New Louisiana Law Criminalizes Standing Too Close to Police

( – In this age of advancing technology, it’s become commonplace to film police officers as they do their jobs. Onlookers use the footage to hold corrupt authorities accountable for their actions. But some say it impedes officers from doing their jobs, and citizens in close proximity could pose a danger. Louisiana recently addressed that issue.

On May 28, Louisiana Governor Jeff Landry (R) signed House Bill 173, making it a crime to stand within 25 feet of an officer if they ordered the person to stand back.
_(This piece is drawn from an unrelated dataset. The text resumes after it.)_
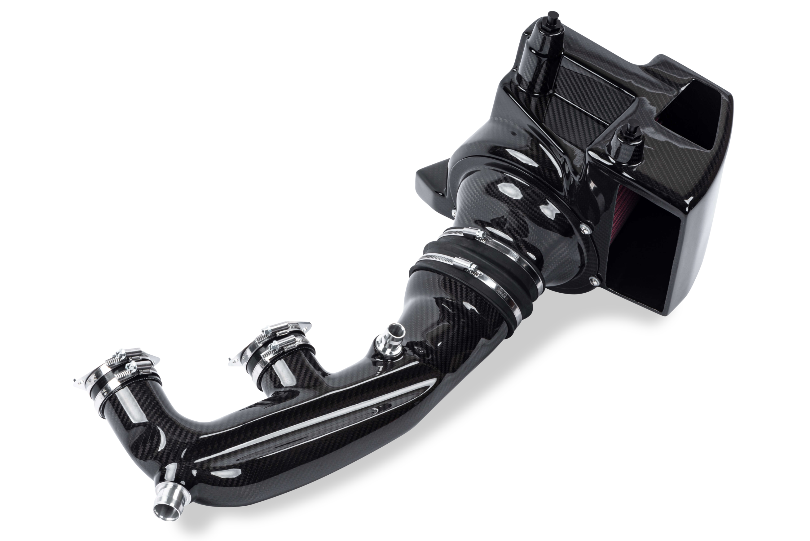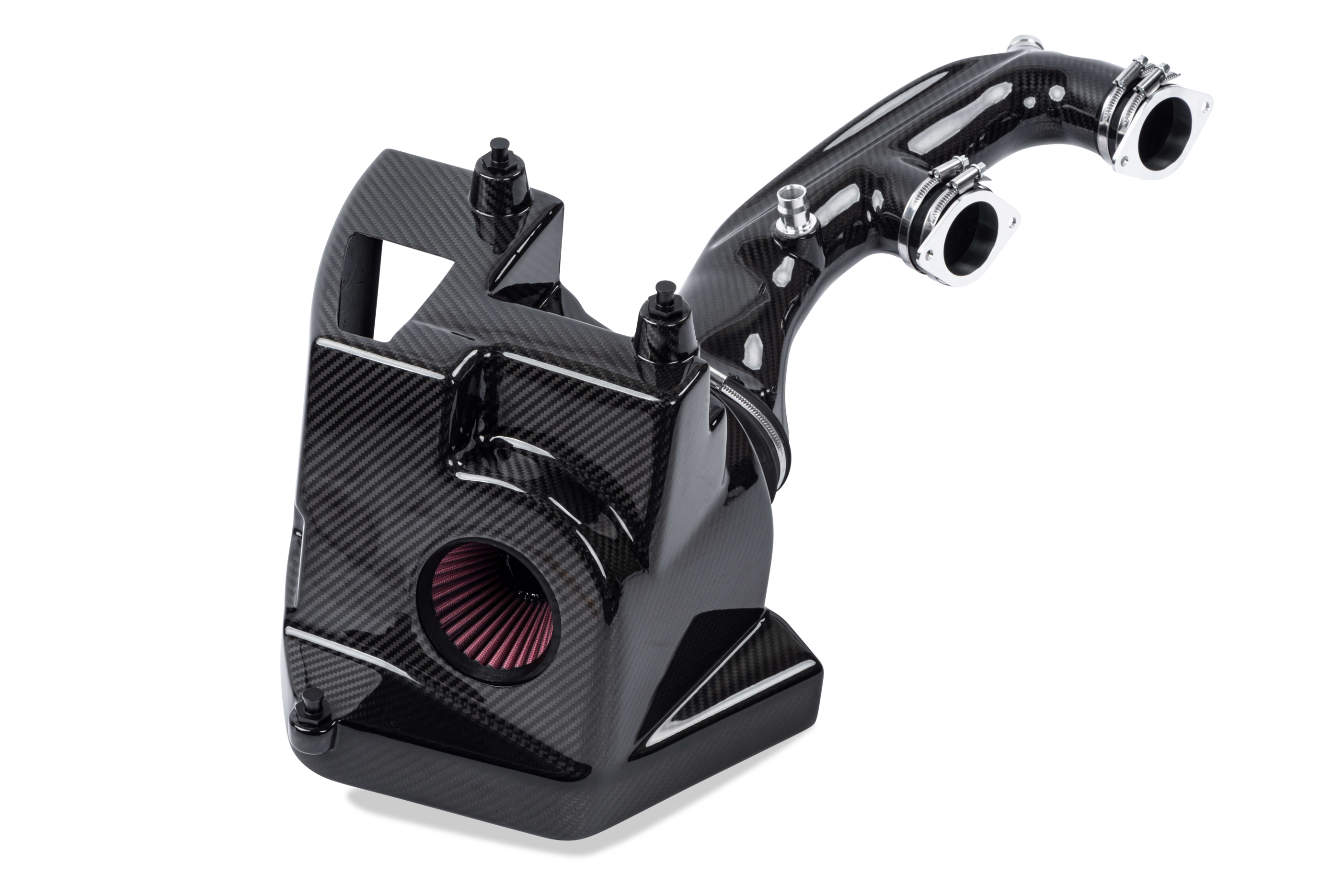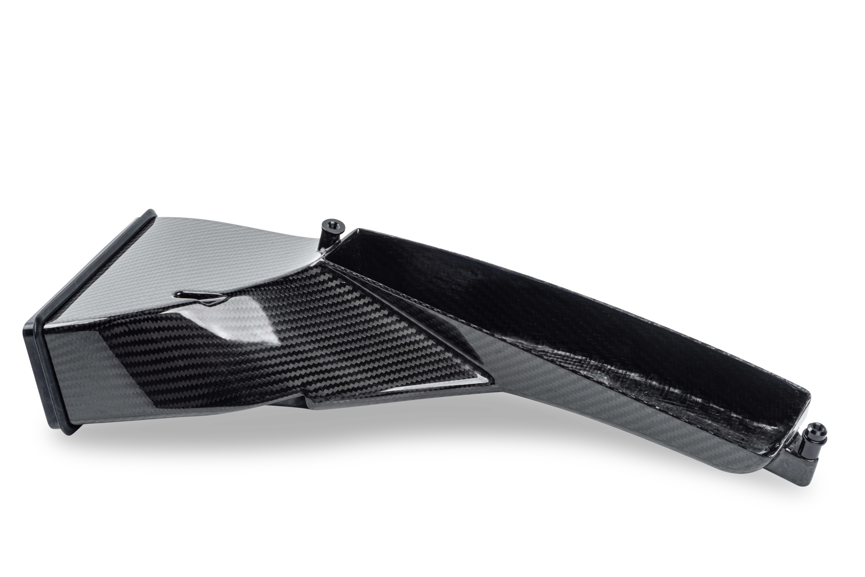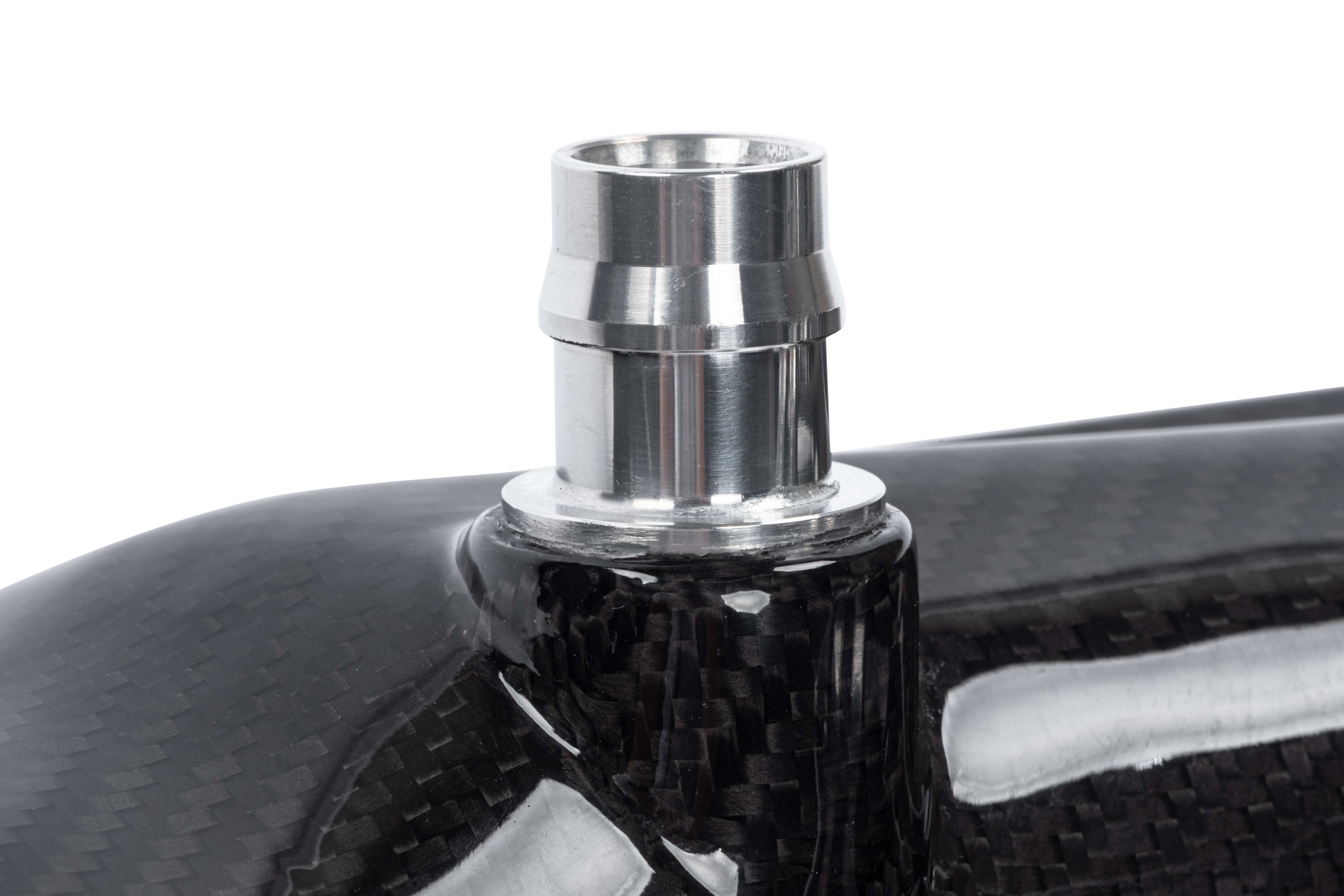 Unser Intake ist aus Kohlefaser gefertigt und sieht unter der Motorhaube absolut atemberaubend aus. Durch die Verwendung dieses Materials sind wir in der Lage, die Wandstärke der Rohre zu verkleinern und dadurch den Innendurchmesser zu erhöhen, was den Durchfluss und die Leistung natürlich weiter erhöht.

The governor said it was part of his administration’s plan to “address public safety in the state.” Those who break the new law face up to 60 days in jail or a $500 fine.

Fraternal Order of Police President Darrell Basco reportedly asked State Representative Bryan Fontenot (R) to file the bill, stating the distance was necessary to keep his officers safe. Basco said if a person is closer, “an edged weapon can get to [them] before” the officer has a chance to “react and get out of the way.”

Opponents of the law worry that it will hinder the public’s ability to film officers while on duty, a measure that has held them accountable in the past — particularly in the case of the murder of George Floyd. A similar bill crossed the desk of the previous Louisiana governor, John Bel Edwards, but the Democrat refused to sign it. He called it “unnecessary” and possibly a hindrance for people exercising their First Amendment rights. Edwards said observing the police while they perform their public service is a “constitutional right” for all US citizens.

Supporters of the measure argue that bystanders will still be close enough to film interactions but not close enough to do harm to officers on duty. Fontenot and others said the new law creating the buffer zone will give police “peace of mind and safe distance to do their job.”